Shiny New E-Book Gizmo: The Amazon Kindle


View Full Version : PDF search


tribble
01-18-2008, 01:52 PM
Hi!

I just found this.
http://ruby-gnome2.sourceforge.jp/hiki.cgi?cmd=view&p=Poppler&key=poppler

poppler::Page has a find_text() function.

Can we somehow use that to get us a search function inside pdfs on our iLiad? Its some kind of poppler library, so it should somehow relate to the iLiad. But i have no clue what they are doing there.

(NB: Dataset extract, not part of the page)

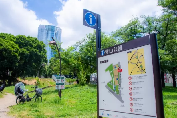 쉐어 그린 바로 북쪽에는 아오야마 공원 북측, 역의 서쪽 방향을 따라 남쪽으로 내려가면 아오야마 공원 남측이 위치해 있습니다.
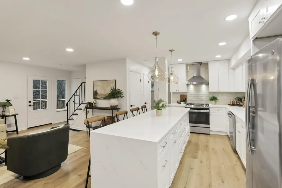 Stunning Clintonville home tucked away on a quiet street, featuring a huge front yard and a welcoming presence that sets the tone from the moment you arrive. The main floor offers a thoughtful and updated layout with durable LVP flooring, two main-floor bedrooms-one ideal for a den or home office-and a convenient half bath. The beautifully updated kitchen anchors the living space with designer finishes, a gas range, and stainless steel appliances, creating an inviting space for everyday living and entertaining. The finished basement adds valuable additional living space with a versatile rec room and office space. Upstairs, hardwood floors create a warm and inviting atmosphere, highlighted by the private primary suite with vaulted ceilings and an ensuite bath. Two full bathrooms on this level provide comfort and convenience, and all bathrooms throughout the home were updated in 2023. Exte...

Anyone with mor insight could maybe shed some light here.

Thanks

-Thomas-
01-18-2008, 03:37 PM
This function is also included in the poppler lib used on the iLiad. It looks like the function searches for a string within a specific page of an opened PDF file. At least I found the following in the poppler sources (glib/test-poppler-lib.c):
list = poppler_page_find_text (page, "Bitwise");
printf ("\n");
printf ("\tFound text \"Bitwise\" at positions:\n");
So to search for a string globally we would have traverse all directories, open all PDF files, go through all pages and let the function do the rest...

tribble
01-18-2008, 04:29 PM
Do you know, how well the function works with hyphenated text if at all, and if it finds hyphenated texts that span over multiple pages, and how it handles different languages? Is it UTF-8?
What info gets returned? Will it then be simple to somehow mark the found word?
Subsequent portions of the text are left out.